Further explorations and settlement led to the establishment of Fort Amsterdam at the southern tip of the island of Manhattan in 1625. In 1629, with the Charter of Freedoms and Exemptions, the Dutch West India Company started to grant the title of patroon and land patents to some of its invested members. The deeded tracts spanned 16 mi in length on one side of a major river, or 8 mi if spanning both sides. The title came with powerful rights and privileges, including creating civil and criminal courts, appointing local officials, and holding land in perpetuity. In return, a patroon was expected to establish a settlement of at least fifty families within four years of the original grant. These first settlers were relieved of the duty of public taxes for ten years, but were required to pay the patroon in money, goods, or services in kind.

A patent for the west bank of the North River was given to Michael Pauw, a burgermeester of Amsterdam and a director of the Dutch West India Company.

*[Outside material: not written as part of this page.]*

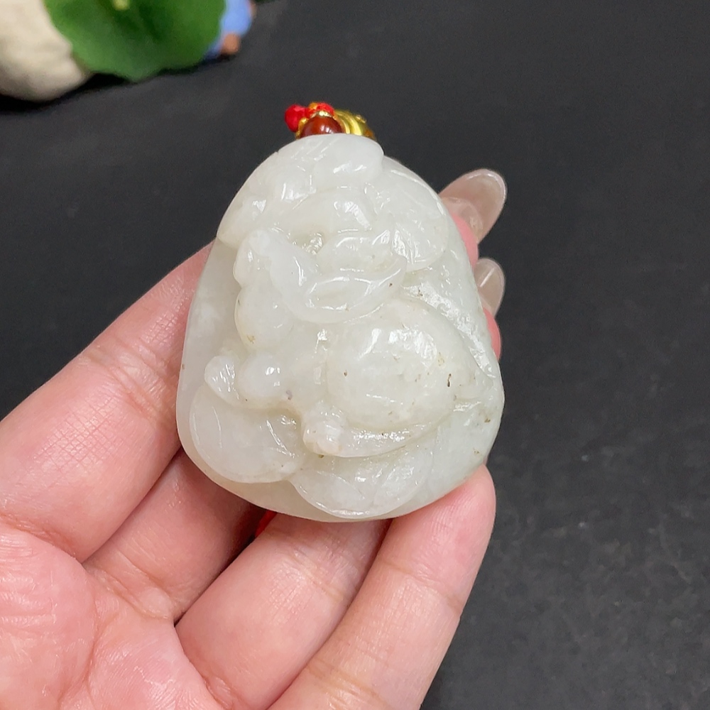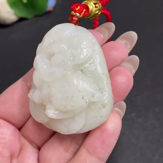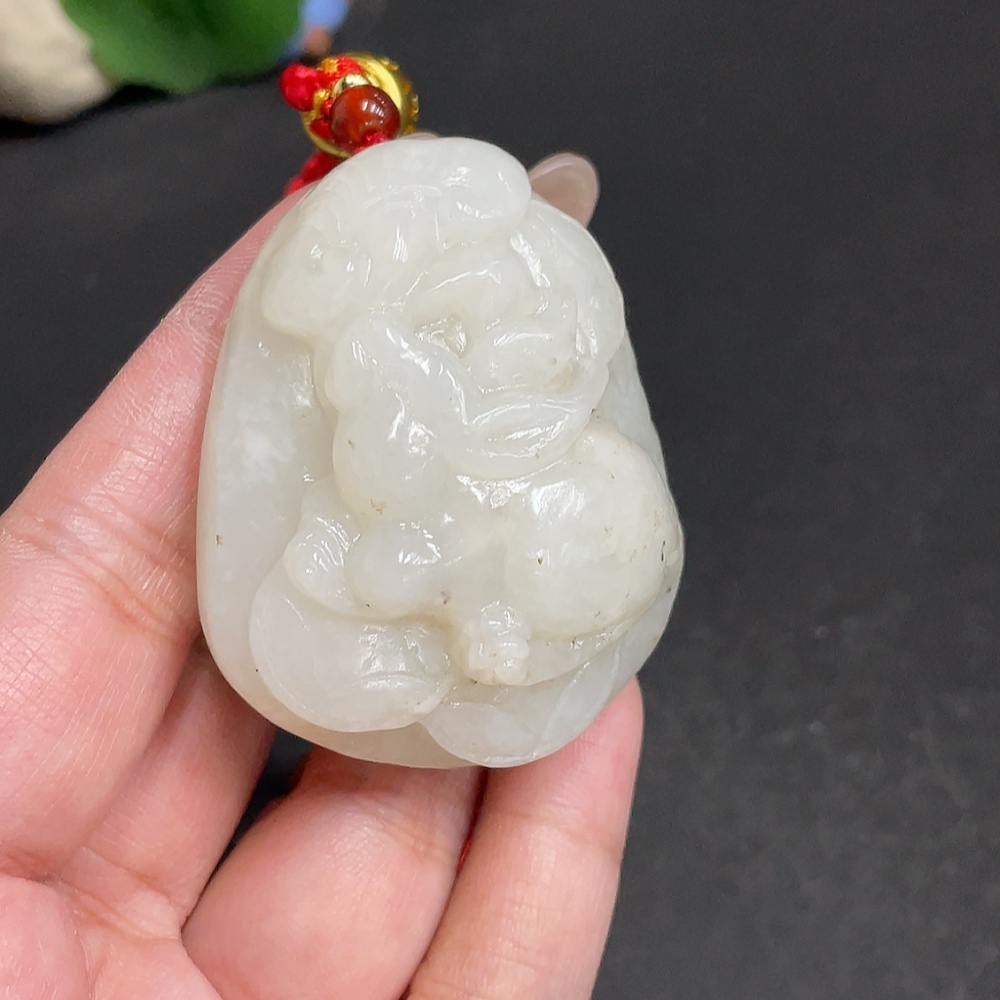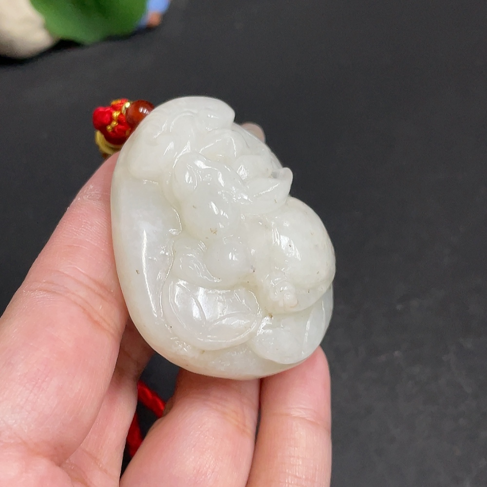 Hetian Jade Handheld Carving - Rabbit, Total Weight Approx. [including rope] 85.9g

Pavonia is the Latinized form of Pauw's surname, which means "peacock". As was required, Pauw purchased the land from the indigenous population, although the concept of ownership differed significantly for the parties involved. Three Lenape "sold" the land for 80 fathom of wampum (shell beads strung together), 20 fathom of cloth, 12 kettles, six guns, two blankets, one double kettle, and half a barrel of beer. These transactions, dated July 12, 1630, and November 22, 1630, represent the earliest known conveyance for the area. It is said that the three were part of the same band who had sold Manhattan Island to Peter Minuit then "sold" this land, to which they had retired after that sale in 1626. On August 10, 1630, Pauw obtained a deed for Staten Island, leading some historians to consider Staten Island to be part of Pavonia.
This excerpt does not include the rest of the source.